В эпоху, отмеченную массовыми общественными движениями (кампания против войны во Вьетнаме, «Безмолвная весна» и др.), науке пришлось конкурировать с самыми разными псевдонауками и стремлением выдать желаемое за действительное, поэтому любая новинка принималась в штыки. Возможно, г-н Лавлок, к тому времени хорошо зарекомендовавший себя как химик, биофизик и даже астробиолог, получил бы более благосклонной приём, если бы общественность не набросилась на его гипотезу с подозрительным энтузиазмом, больше подходящим не научному построению, а мистическому учению вроде исцеления верой. Учёным ничего не оставалось, кроме как спешным порядком поднять мост в свой замок из слоновой кости — на всякий случай.
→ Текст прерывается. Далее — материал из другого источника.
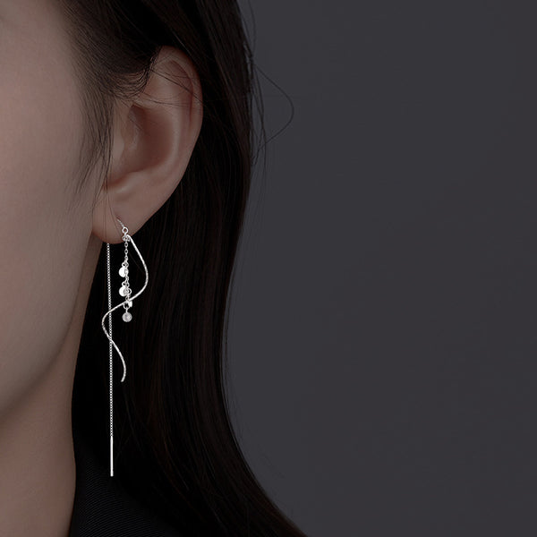 Sterling Silver Wavy Tassel Threader Earrings
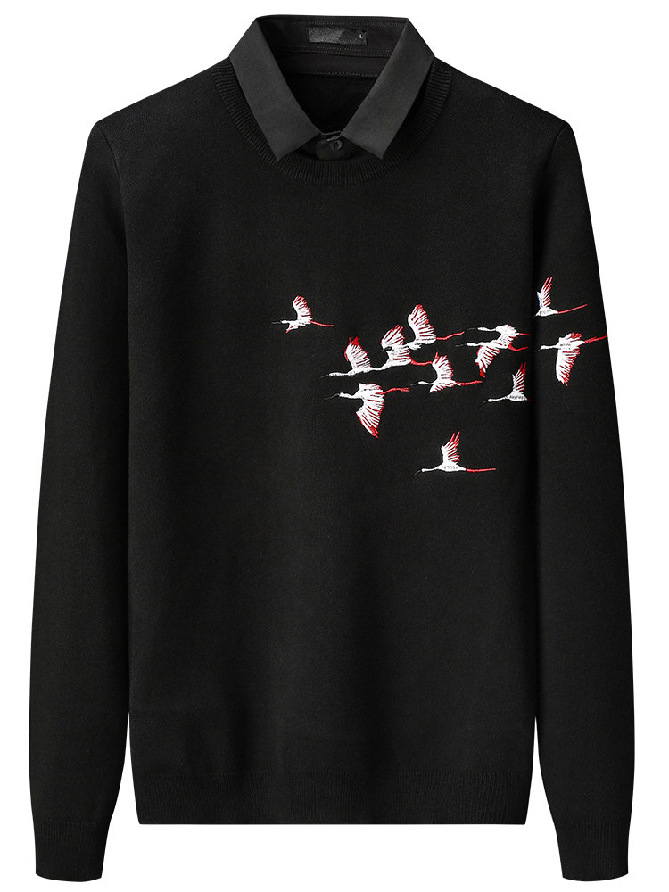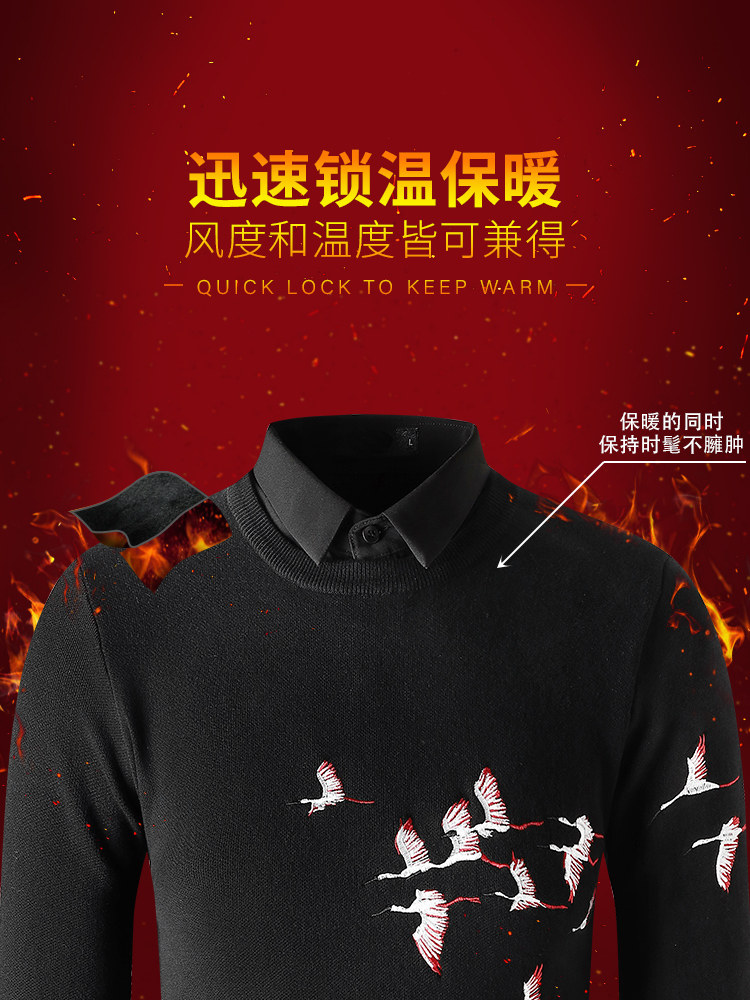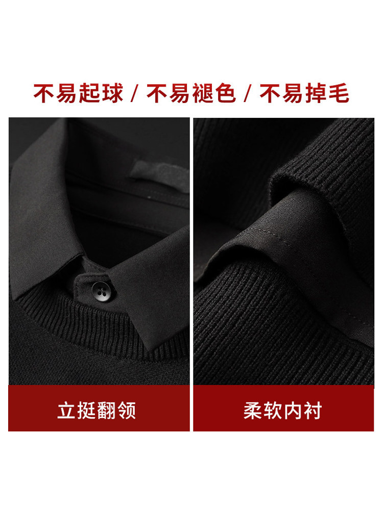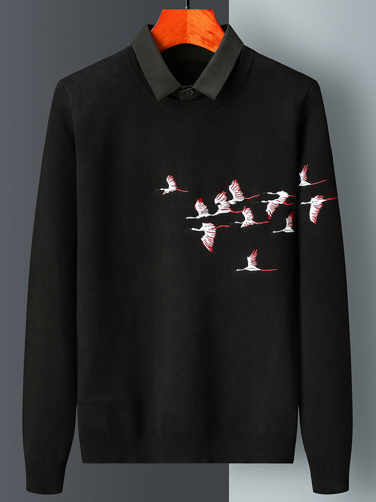 Демисезонная модная рубашка, комплект, свитер, фальшивый воротник, лонгслив, галстук, легкий роскошный стиль, с вышивкой
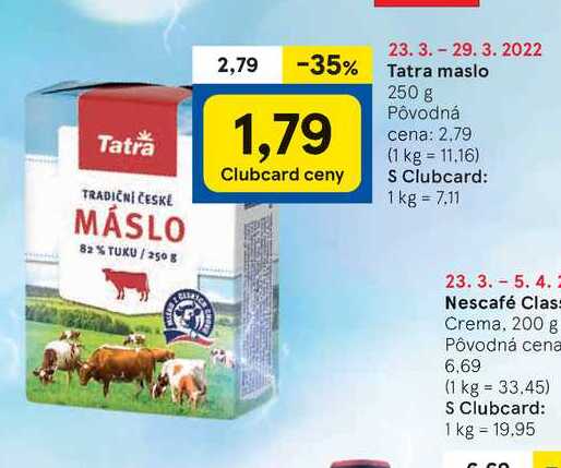 Aktuálnu zľavu na Tatra maslo, 250 g zistíte jednoducho nastavením Strážca zliav .
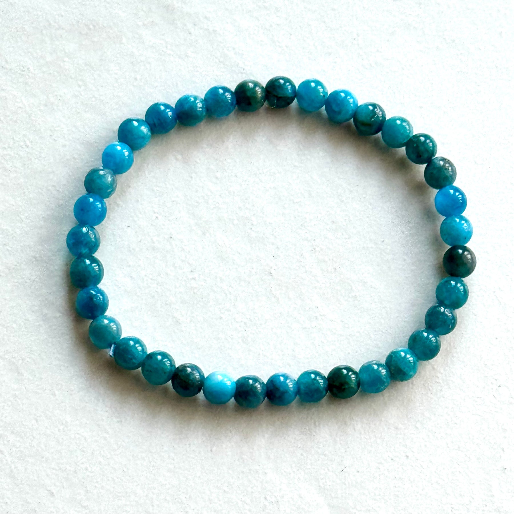 Apatite is believed to have inspirational properties. It is considered a stone of manifestation, attuned to the future while remaining connected to past lives. It is thought to develop psychic gifts and spiritual sensitivity, deepen meditation, raise kundalini energy, and support communication and self-expression on all levels. Apatite is said to promote openness and social ease, encouraging extroversion and dissolving aloofness and feelings of alienation. It is believed to dispel negativity about oneself and others, reduce irritability, and help overcome emotional exhaustion. Blue apatite, in particular, is thought to connect to a very high level of spiritual guidance. It is said to facilitate public speaking, enhance group communication, open the throat chakra, and heal the heart and emotional imbalances.
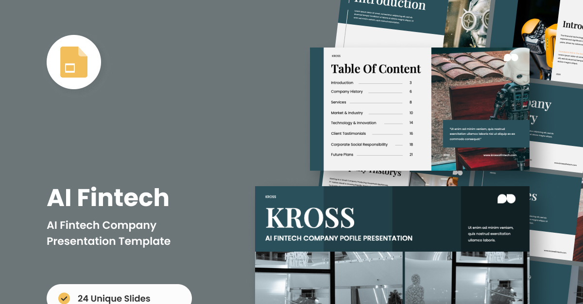 Zaprojektowany dla profesjonalistów fintech, AI Fintech oferuje wizualnie oszałamiającą prezentację z futurystycznym układem i intuicyjnymi elementami projektowymi. Idealny dla startupów technologicznych, instytucji finansowych i firm opartych na AI, które chcą zaprezentować innowacje w sposób przejrzysty i stylowy.
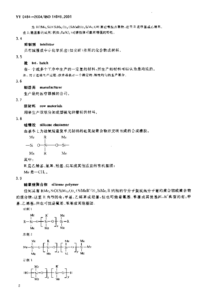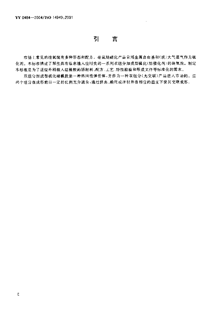 YY 0484-2004/ISO 14949:2001 外科植入物双组分加成型硫化硅橡胶
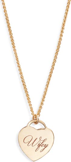 The bride can put her new title on display with this heart-shaped pendant necklace handcrafted from gleaming 14-karat gold fill.
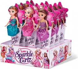 Veľké balenie pre radosť: displej s 12 bábikami SPARKLE GIRLZ v darčekovom kornútovom balení. Každá princezná má trblietavé šaty a meria približne 27 cm. Rôzne varianty, bez možnosti výberu konkrétneho modelu. Cena za celý displej (12 ks).
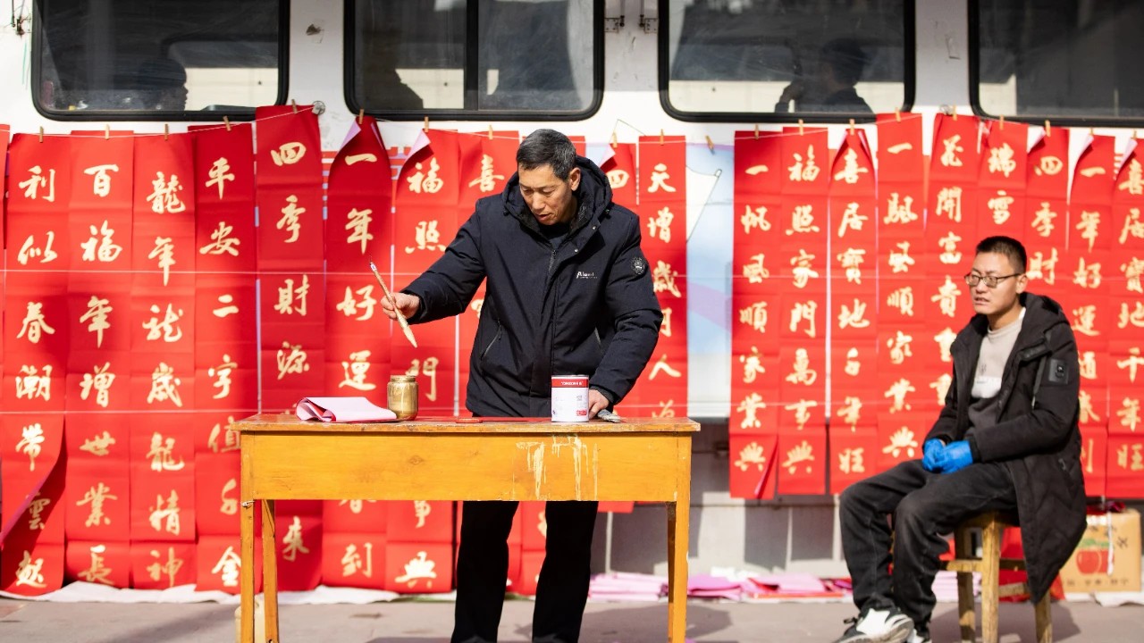 社区里的书画爱好者现场写春联送福字,墨香暖人心

Г-н Рьюз вспоминает слова Мейнарда Смита, который со свойственным ему откровением высказался так: «Послушай, Джим. Вся проблема с Геей заключается в том, что нам пришлось иметь дело с агонией витализма, группового отбора и всего такого прочего. Мы только с ними разобрались, а тут ты со своей гипотезой. Худшего момента ты не мог выбрать».

Но сам автор уверен, что это типичное явление в истории науки — подходящего момента просто не бывает.

Подготовлено по материалам NewScientist.